On Apr 14, 2005, at 2:10 PM, Tassilo von Parseval wrote:

Not really XS-related: I probably wouldn't generate the PODs dynamically
at install-time. The problem is that people can't get an idea of the API
of the module when by around search.cpan.org. For me, the module's
documentation is the main criterion for trying out or not trying out a
new module.

What he was doing here was just using the infrastructure we invented for gtk2-perl, where there are simply too many xsubs for hand-maintained documentation to be practical. The tools in Glib::ParseXSDoc and Glib::GenDoc parse your xs files for xsub signatures and match them up with a special dialect of pod comments, so that your xsubs get mentioned in the docs whether you wrote something about them or not. Also, a fair amount of information (inheritance hierarchy, object property types, signal signatures, enumeration values) is gleaned through introspection, so you actually have to build and run the bindings in order to create the docs.

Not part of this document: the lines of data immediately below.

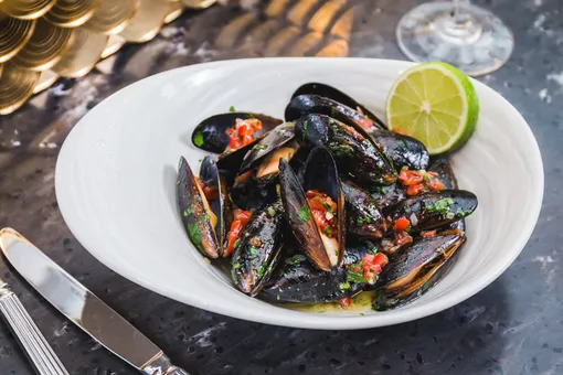 Мидии беломорские в белом вине
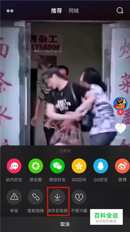 然后选择一个视频,并点击右侧的分享图标,如下图所示。
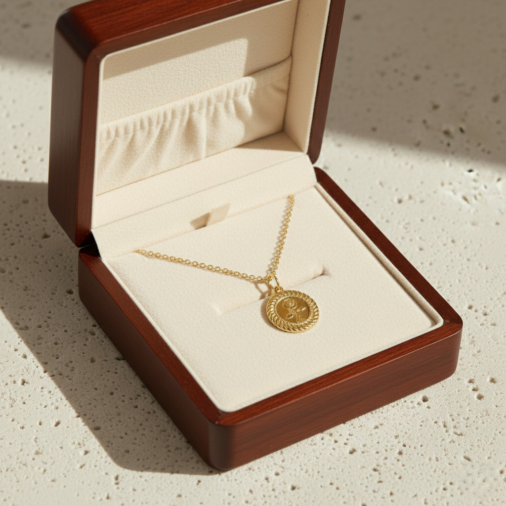 This elegant gold rose coin pendant necklace features a finely engraved floral design with a classic medallion look. A minimal yet stylish necklace ideal for daily wear, layering with chains, and gifting on special occasions.

And, yes, it does irk me that although we put all that work into documentation generation, which creates over 200 manpages for the Gtk2 extension alone, the gtk2-perl extensions look almost completely undocumented on CPAN. As a workaround, we have the docs online at http://gtk2-perl.sourceforge.net/doc/pod/ .

The obvious solution is to pregenerate the pod and include the generated files in the dist tarball, but a) there's the chicken and egg problem of having to build before you can build the dist, and b) where in the tarball do you put the *.pod files such that CPAN will see them?

(Any suggestions welcome.)

--
I don't like... this game... when there's cannons... being shot... at me.